Like the mouse model, cultured cells expressing mutant TDP-43 did not show bioenergetic defects, both when endogenous levels of the protein were present, in patient-derived fibroblasts, and when the mutant proteins were overexpressed, in transfected cells. The results in fibroblasts were in line with a recent report, which compared C9Orf72 mutant and TDP-43 mutant fibroblasts, and detected respiratory chain defects in the former, but not the latter [
31]. Furthermore, similar to the transgenic mouse brain, cells expressing A315T TDP-43 had increase mitochondrial calcium uptake upon ER calcium release.

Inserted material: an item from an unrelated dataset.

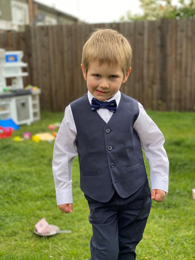Whilst Daisy and Ben were here, James tried on his outfit for their wedding. He looks amazing in it. So smart and so grown up!
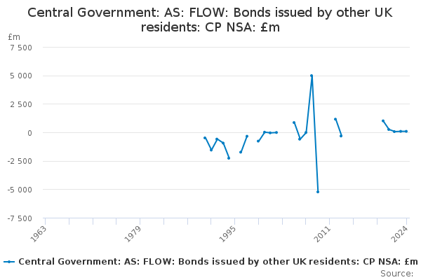 Download this time seriesCentral Government: AS: FLOW: Bonds issued by other UK residents: CP NSA: £m

The reasons for the discrepancy between the present study and a recent report in which mitochondrial respiratory chain defects were associated with mitochondrial import of mutant TDP-43 [
14] is not immediately clear, especially in regards to the TDP-43
A315T mouse model, since we utilized mice from the same transgenic line and at similar ages as in the aforementioned report. It is possible that differences resulted from the protocols of mitochondrial purification, which were partly dissimilar in the two studies. It could be hypothesized that mitochondria from mutant TDP-43 brains are more fragile and could be damaged by the isolation procedure, which was not the case in our study, because soluble proteins of the intermembrane space were retained in the mitochondrial preparation. On the other hand, membrane fragility could not explain a decline in the activity of individual respiratory chain complexes, such as complex I, whose activities are measured on fractionated mitochondrial membranes and do not depend on mitochondrial integrity. Specifically, we did not find evidence of a decrease in either complex I-driven respiration and ATP synthesis or complex I oxidoreductase activity in brain mitochondria from TDP-43
A315T transgenic mice, suggesting that OXPHOS is preserved in these mitochondria. Furthermore, the levels of respiratory chain subunits that we analyzed were unchanged in TDP-43
A315T transgenic mouse brain mitochondria, suggesting that their synthesis was not impaired.
Unlike previous reports [
14,
36], we did not detect respiratory defects in mutant TDP-43 human fibroblasts. A possible explanation for this discrepancy in findings could be ascribed to the different TDP-43 mutations investigated in previous studies and the present one, since we analyzed lines from three patients from one family with the N352S mutation and their healthy relatives. Nevertheless, we also tested the effects of recombinant mutant TDP-43 expression in HEK293T cells, an approach similar to the one utilized previously [
14], but did not detect respiratory defects in these mutant cells either.